A cultura Slow é gestada no âmbito do movimento slow. Então ela na verdade é o conjunto de conteúdos, movimentos, hábitos, pensamentos e valores de um movimento que nasceu na década de 80, como uma resposta à aceleração do tempo associados principalmente à alimentação, em um primeiro momento. Com o surgimento do fast food, as pessoas fizeram um protesto para dizer que não queriam encarar a comida daquela forma e ali nasceu o slow food. Seus preceitos principais seguem os mesmos até hoje: é preciso ser bom, limpo e justo. Essa tríade, aliás, continua regendo não só o slow food como outras vertentes, como o slow kids, slow medicine etc.
Como ela vem se desdobrando?
Em muito pouco tempo, essa lógica de aceleração começa a se espraiar para outros movimentos da vida como a medicina, a infância, a arquitetura e cidades e até a comunicação, que é o tema do meu pós-doutorado. E o que o movimento slow prega não é que temos que ser devagar ou preguiçosos - essa é a ideia pejorativa de muitas pessoas que acreditam que só se vence correndo, por exemplo. Mas, na verdade, não é sobre ser devagar, mas sim ir mais desacelerado se quisermos processos mais humanizados e conter esse processo de aceleração que termina desumanizando. Essa lógica da aceleração começa a invadir vários campos da vida, então o slow living, esse lugar maior, é essa coisa da gente trazer uma reumanização, recobrar nossos sentidos, poder aproveitar o aqui e agora, poder se relacionar de outro jeito com a infância, natureza e tecnologias, estar atento ao seu redor.

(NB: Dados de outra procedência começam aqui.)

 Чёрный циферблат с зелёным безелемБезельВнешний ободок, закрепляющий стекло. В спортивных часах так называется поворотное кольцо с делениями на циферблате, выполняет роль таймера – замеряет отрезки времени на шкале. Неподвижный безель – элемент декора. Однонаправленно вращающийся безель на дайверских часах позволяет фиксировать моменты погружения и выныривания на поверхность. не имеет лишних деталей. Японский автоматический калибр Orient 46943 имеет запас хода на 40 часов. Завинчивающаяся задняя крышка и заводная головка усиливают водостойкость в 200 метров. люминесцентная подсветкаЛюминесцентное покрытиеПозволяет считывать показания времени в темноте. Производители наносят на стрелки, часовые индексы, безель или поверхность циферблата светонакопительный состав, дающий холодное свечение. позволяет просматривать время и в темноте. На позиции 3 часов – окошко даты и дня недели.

Semelhante ao mindfulness, então?
É um pouco diferente do mindfulness porque não se trata somente de uma escolha pessoal e individual, até porque desacelerar muitas vezes pode ser uma escolha privilegiada. O movimento prega a desaceleração de forma coletiva como única saída para o planeta e para o mundo. É preciso se tornar uma agenda mais coletiva, de um movimento slow individual para o bem-estar de todos. Se a gente não desacelerar como mundo, as pessoas não vão desacelerar individualmente, a não ser que elas possam fazer essas escolhas.
Como a aceleração vem afetando a nossa vida?

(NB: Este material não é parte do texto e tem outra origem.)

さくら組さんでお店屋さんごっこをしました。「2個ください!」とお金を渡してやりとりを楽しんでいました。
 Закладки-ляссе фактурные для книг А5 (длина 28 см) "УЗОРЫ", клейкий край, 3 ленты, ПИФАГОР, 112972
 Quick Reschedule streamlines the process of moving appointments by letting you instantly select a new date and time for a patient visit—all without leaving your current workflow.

As crianças na educação infantil, por exemplo, já são submetidas a uma educação que é feita para passar no vestibular, começa a ler aos 3, antecipar etapas que acaba desumanizando. Uma consulta com seu médico dura 10 minutos, ele não olha pra você e já te medicaliza, seguindo a ordem de solucionar rapidamente seus problemas e até suas moléstias.

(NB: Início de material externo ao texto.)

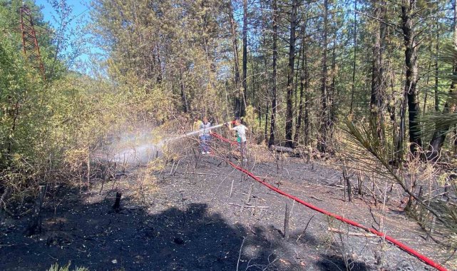 Bolu'da elektrik direğinden çıktığı belirlenen yangın ormanlık alana sıçradı. Ekiplerin uzun uğraşları sonucu kontrol altına alınan yangında, geniş bir alan zarar gördü.
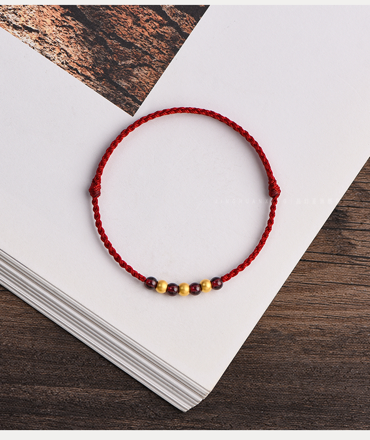999 Pure Gold Gold Bead Red String Bracelet Anklet for Men and Women Natural Garnet for Safety and Good Luck Woven Bracelet
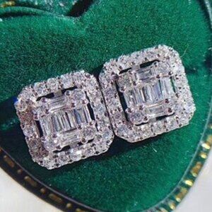 "Sparkling Clear CZ Unique Design Stud Earrings for Women, MLNN1066
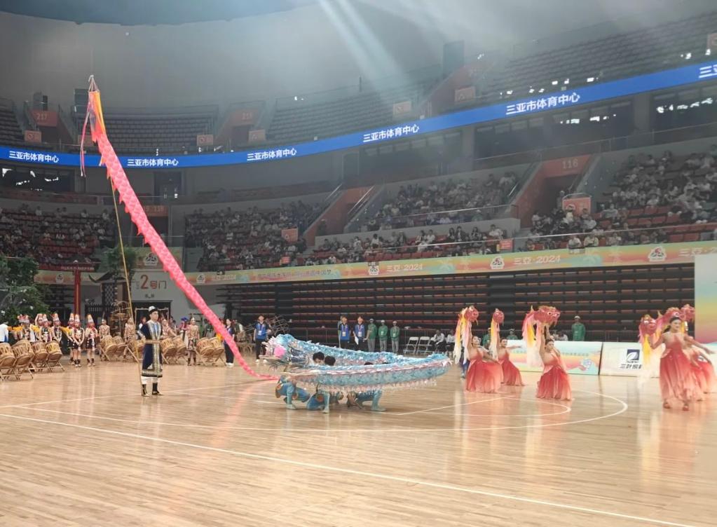 唐寶(左)手持巨龍,在本屆運動會(hui) 表演項目比賽中。受訪者供圖
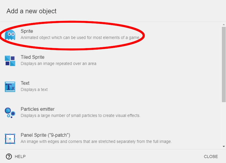 Choose Sprite from the Add a new object pop-up. This will be followed by the appearance of a dialog box.
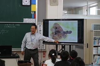 10月17日(木)、 3,4年生の理科学習で昆虫教室が行われました。講師は姫城中学校の木野田毅校長先生です。昆虫の大きさや形、模様、生態など身近な昆虫から世界の昆虫までとても楽しいお話をしていただきました。子どもたちからも驚きの声や歓声が沸き上がっていました。昆虫が命をつなぐために進化してきた様子や標本をなぜつくるのかなどのお話もうかがうことができました。

Como e por que nasce Desacelera SP e o Dia sem Pressa?
O Desacelera nasceu quando eu tive meu primeiro filho, porque o tempo encarnou para mim, ele começou a ser uma coisa muito concreta, e eu tinha esse sonho de querer flexibilizar minha relação com o trabalho para cuidar mais dele. Criei o Empreendedorismo Materno, que era um blog falando do tema, e ele foi acontecendo bem, entrevistei centenas de mulheres. Mas ele foi descontinuado por uma série de razões, não sem antes plantar essa sementinha ali em mim. Comecei a procurar isso na minha vida, consumir de forma mais responsável e sustentável, ter mais contato com a natureza, cuidar do que eu estava comendo, comer junto com a minha família. Eu estava vivendo aquela realidade e comecei a querer achar outras pessoas também, ir do pessoal para o político.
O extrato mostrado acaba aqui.